BoG rolls out measures to stop dollar pricing
The Bank of Ghana (BoG) is to enforce legal tender laws rigorously, particularly in sectors where foreign currency pricing has become the norm, as part of measures to stop dollar pricing in the country.
“The ongoing rollout of the e-Cedi, our digital currency, will be seamlessly integrated with retail payment systems to guarantee that even as we transition to a digital economy, the cedi remains at the forefront of financial transactions,” the Governor of the BoG, Dr Johnson Pandit Asiama, said.
He also said that the central bank would soon complete a comprehensive regulatory framework for virtual asset service providers (VASPs) to bring the much-needed oversight to the rapidly evolving digital asset landscape.
That, he said, would bring cryptocurrency exchanges and digital asset platforms under formal oversight, align them with anti-money laundering and counter the financing of terrorism rules by ensuring that digital innovation supports, rather than undermines forex control and monetary stability.
Event
The Governor, who was speaking at a Thought Leadership programme at the Graphic Business/Stanbic Bank Breakfast Meeting in Accra on Monday, said in spite of transacting locally, many businesses continued to price goods and services in US dollars, especially in areas such as real estate, education and luxury retail.
The programme was a joint initiative of the Graphic Communications Group Ltd (GCGL) and Stanbic Bank Ghana.
It is a series of dialogues held quarterly that features selected topics aimed at influencing government policies in favour of businesses.
Breach of law
Dr Asiama said the persistent and deep-rooted culture of dollarisation in the economy did not only breach legal tender laws but also undermined public trust and confidence in the cedi, compromising the country's economic stability and financial sovereignty.

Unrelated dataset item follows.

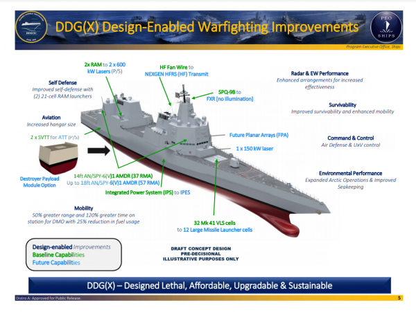 美国海军计划2028年开工基线版DDGX,目前的方案并未定案,只是方案理念展示。

Dr Asiama said that although export earnings had shown an upward trend, a considerable proportion of the funds were either being retained in foreign accounts or not being productively reinvested in the local economy, thereby depriving the country of potential economic benefits and hindering sustainable growth.
He said the country’s formal savings rate remained low, and that export value retention, particularly among SMEs and in the informal sector, was far below potential.
Enforcing measures
The Chairman of the Securities and Exchange Commission (SEC) Governing Board, Dr Adu Anane-Antwi, also said that steps must be put in place to ensure foreign currencies chased the cedi to promote a more stable foreign exchange market.
“Most of us have travelled outside where you cannot use the dollar to pay your hotel bills. I have experienced that in South Africa, Kenya, Ethiopia and South Korea,” he said.
The Managing Director of the Ghana Stock Exchange (GSE), Abena Amoah, also proposed the promotion of Ghanaian ownership in a larger number of companies as part of measures to retain more foreign currencies.
“A few years ago, MTN came to the market and was required to sell 30 per cent of its shares to Ghanaians using the Ghana Stock Exchange, which means that of all the dividends MTN has now paid, at least 30 per cent is retained with the larger Ghanaian community,” she said.